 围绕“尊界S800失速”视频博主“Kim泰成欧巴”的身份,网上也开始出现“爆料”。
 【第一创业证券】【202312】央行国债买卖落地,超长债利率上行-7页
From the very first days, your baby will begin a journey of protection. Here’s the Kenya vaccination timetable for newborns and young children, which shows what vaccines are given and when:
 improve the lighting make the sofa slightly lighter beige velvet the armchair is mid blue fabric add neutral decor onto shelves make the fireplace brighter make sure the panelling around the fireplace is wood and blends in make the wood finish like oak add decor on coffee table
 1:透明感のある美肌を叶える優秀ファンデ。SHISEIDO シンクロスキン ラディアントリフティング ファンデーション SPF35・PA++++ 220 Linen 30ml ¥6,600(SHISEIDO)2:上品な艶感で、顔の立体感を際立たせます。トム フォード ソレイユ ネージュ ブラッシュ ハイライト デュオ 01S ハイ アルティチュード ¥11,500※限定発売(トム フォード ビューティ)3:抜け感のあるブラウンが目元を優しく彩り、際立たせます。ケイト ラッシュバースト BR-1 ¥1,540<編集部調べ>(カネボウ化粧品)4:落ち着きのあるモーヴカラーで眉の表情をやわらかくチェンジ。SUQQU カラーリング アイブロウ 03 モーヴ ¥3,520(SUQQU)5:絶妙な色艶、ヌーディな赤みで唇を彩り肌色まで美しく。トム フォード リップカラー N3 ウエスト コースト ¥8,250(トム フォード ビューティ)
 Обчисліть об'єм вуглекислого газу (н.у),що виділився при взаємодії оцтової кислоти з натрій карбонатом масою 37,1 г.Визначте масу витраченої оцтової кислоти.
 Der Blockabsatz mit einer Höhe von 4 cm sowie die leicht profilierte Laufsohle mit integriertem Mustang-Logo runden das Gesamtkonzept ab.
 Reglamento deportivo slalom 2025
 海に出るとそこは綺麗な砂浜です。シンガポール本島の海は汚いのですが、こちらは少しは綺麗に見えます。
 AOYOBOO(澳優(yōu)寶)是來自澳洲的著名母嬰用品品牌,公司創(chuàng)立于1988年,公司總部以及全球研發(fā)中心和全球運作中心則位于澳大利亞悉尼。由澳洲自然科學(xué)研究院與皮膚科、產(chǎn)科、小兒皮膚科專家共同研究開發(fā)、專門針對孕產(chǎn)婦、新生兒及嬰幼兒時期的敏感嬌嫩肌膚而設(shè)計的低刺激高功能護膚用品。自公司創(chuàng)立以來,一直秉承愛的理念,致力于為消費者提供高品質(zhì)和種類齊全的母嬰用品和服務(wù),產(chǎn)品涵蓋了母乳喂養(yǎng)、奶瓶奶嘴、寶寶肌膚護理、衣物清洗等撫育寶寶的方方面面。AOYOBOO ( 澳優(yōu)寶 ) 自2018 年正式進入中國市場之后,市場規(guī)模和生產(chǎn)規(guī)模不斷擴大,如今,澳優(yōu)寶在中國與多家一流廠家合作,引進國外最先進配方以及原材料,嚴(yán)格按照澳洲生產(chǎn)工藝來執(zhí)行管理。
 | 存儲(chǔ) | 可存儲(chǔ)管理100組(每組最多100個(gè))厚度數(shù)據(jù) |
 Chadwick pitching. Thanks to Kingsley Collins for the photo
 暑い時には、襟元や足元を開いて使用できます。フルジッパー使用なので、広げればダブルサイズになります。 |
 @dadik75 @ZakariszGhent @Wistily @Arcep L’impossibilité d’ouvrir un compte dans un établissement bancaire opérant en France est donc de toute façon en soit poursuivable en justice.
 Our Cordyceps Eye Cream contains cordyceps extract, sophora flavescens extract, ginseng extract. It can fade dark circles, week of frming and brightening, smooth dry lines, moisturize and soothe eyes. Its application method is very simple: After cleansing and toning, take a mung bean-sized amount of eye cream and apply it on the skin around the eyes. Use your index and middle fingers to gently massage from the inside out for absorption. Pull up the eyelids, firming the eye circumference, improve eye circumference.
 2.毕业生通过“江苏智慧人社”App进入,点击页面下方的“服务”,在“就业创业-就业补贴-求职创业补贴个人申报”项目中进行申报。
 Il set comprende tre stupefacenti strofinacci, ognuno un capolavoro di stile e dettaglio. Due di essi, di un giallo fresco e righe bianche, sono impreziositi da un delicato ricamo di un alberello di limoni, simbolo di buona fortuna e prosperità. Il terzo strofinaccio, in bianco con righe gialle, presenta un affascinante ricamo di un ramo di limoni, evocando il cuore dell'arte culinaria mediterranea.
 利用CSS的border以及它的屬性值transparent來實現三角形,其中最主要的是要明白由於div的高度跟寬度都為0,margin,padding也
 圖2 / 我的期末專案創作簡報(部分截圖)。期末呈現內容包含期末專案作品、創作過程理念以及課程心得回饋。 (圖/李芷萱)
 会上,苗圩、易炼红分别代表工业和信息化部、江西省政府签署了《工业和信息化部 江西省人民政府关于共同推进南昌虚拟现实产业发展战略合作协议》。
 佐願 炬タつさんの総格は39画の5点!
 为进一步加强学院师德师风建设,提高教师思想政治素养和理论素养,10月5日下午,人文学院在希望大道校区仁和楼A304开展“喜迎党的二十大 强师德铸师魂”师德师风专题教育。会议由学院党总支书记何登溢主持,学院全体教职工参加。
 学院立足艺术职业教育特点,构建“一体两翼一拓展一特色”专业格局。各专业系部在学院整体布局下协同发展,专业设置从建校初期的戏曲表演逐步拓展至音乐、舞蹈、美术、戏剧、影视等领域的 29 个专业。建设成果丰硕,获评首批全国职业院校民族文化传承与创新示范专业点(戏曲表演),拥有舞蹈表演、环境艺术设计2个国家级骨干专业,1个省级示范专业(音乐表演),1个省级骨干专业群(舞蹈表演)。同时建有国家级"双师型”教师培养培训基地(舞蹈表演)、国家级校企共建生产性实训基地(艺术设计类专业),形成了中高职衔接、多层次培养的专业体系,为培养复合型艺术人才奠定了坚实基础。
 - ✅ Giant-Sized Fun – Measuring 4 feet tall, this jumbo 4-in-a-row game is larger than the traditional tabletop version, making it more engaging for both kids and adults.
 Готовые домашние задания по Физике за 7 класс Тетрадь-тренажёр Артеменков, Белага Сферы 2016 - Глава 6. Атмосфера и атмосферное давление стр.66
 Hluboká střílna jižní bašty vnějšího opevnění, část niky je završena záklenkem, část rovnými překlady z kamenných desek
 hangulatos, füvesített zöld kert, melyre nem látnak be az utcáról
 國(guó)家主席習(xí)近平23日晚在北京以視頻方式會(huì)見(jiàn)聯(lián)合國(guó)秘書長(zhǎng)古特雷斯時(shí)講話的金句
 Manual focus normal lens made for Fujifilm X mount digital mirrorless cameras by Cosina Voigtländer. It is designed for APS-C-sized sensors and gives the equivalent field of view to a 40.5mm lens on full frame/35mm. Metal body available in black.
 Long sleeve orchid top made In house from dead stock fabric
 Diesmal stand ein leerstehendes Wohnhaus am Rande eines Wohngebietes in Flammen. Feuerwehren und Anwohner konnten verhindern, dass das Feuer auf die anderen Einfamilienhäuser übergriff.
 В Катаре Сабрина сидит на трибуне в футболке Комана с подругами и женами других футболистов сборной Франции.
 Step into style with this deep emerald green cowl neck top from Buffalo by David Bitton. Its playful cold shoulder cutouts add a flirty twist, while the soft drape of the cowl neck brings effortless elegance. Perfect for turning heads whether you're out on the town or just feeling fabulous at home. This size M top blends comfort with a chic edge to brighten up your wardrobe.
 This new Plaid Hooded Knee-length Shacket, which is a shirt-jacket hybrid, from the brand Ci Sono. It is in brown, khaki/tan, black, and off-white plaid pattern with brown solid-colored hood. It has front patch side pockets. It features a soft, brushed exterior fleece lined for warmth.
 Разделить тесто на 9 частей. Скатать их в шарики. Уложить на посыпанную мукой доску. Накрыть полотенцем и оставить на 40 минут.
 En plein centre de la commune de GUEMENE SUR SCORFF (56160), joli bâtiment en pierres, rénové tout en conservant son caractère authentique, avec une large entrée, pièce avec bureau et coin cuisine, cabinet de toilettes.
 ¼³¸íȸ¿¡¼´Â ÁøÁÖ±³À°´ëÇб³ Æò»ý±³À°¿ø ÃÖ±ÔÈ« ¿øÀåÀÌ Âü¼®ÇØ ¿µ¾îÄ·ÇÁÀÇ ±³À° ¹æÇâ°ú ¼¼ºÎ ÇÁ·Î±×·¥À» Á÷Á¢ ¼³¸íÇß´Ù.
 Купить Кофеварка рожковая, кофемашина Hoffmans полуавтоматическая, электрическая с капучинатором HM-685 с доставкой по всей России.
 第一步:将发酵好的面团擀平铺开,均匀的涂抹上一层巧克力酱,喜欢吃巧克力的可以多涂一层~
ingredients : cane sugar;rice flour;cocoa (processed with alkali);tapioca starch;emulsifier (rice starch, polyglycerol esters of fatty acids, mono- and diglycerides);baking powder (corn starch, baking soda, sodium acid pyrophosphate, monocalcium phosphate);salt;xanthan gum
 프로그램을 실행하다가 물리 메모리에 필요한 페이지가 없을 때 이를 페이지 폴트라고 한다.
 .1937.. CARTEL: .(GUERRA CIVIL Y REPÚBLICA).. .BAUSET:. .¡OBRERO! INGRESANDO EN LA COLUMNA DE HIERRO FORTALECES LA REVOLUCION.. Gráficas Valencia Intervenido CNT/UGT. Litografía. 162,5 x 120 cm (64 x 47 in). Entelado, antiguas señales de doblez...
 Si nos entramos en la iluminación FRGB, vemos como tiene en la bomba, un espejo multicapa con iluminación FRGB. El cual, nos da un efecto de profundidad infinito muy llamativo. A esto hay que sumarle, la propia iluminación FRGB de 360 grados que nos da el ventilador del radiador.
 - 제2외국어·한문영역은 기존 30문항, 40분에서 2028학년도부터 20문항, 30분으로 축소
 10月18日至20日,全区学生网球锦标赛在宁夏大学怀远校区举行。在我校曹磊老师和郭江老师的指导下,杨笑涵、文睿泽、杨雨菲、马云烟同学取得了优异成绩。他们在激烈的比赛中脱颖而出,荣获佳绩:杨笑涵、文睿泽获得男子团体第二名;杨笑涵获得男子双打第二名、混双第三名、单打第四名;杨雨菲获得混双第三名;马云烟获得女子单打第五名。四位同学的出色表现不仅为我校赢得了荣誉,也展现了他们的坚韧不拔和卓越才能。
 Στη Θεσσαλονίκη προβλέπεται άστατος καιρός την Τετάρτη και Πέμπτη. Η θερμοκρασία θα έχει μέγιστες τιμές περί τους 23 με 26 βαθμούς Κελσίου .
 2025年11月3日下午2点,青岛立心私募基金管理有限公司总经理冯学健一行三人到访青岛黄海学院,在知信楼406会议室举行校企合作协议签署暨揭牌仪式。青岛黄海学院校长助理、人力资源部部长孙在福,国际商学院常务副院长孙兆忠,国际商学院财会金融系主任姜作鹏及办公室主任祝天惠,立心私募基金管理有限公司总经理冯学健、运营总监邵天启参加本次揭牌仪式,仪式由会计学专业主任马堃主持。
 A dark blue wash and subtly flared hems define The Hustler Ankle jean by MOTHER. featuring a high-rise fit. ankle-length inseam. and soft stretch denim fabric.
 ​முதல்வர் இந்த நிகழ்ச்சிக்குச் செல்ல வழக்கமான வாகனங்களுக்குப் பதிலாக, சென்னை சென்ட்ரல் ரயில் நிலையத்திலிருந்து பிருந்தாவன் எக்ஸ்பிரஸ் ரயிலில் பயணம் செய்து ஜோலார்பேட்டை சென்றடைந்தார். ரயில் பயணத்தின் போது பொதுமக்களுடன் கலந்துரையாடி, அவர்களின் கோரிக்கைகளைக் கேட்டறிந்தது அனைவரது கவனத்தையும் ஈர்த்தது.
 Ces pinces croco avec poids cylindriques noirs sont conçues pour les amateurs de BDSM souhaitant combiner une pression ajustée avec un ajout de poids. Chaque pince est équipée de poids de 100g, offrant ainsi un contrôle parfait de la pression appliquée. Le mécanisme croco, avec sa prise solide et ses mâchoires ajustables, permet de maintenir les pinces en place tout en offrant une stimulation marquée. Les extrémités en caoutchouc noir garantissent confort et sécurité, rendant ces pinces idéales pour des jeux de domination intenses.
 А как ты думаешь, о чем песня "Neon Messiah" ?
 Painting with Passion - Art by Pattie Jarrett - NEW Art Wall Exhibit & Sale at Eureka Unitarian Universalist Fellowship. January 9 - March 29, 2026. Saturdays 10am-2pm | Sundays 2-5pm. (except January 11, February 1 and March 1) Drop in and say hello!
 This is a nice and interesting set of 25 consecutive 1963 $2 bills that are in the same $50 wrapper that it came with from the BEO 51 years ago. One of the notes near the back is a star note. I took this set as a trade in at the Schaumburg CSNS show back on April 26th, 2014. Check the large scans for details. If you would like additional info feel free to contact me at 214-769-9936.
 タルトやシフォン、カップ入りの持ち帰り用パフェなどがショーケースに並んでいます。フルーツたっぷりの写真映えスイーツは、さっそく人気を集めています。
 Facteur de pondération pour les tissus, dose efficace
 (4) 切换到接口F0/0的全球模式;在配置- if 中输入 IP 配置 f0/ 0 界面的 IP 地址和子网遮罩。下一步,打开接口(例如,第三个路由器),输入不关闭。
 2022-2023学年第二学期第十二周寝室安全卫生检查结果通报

++++++

Exercise prompt
Nothing but the lines above from the one containing "- ✅ Giant-Sized" through the one containing "國(guó)家主席習(xí)" should appear in the answer, each repeated exactly.

Written response
 - ✅ Giant-Sized Fun – Measuring 4 feet tall, this jumbo 4-in-a-row game is larger than the traditional tabletop version, making it more engaging for both kids and adults.
 Готовые домашние задания по Физике за 7 класс Тетрадь-тренажёр Артеменков, Белага Сферы 2016 - Глава 6. Атмосфера и атмосферное давление стр.66
 Hluboká střílna jižní bašty vnějšího opevnění, část niky je završena záklenkem, část rovnými překlady z kamenných desek
 hangulatos, füvesített zöld kert, melyre nem látnak be az utcáról
 國(guó)家主席習(xí)近平23日晚在北京以視頻方式會(huì)見(jiàn)聯(lián)合國(guó)秘書長(zhǎng)古特雷斯時(shí)講話的金句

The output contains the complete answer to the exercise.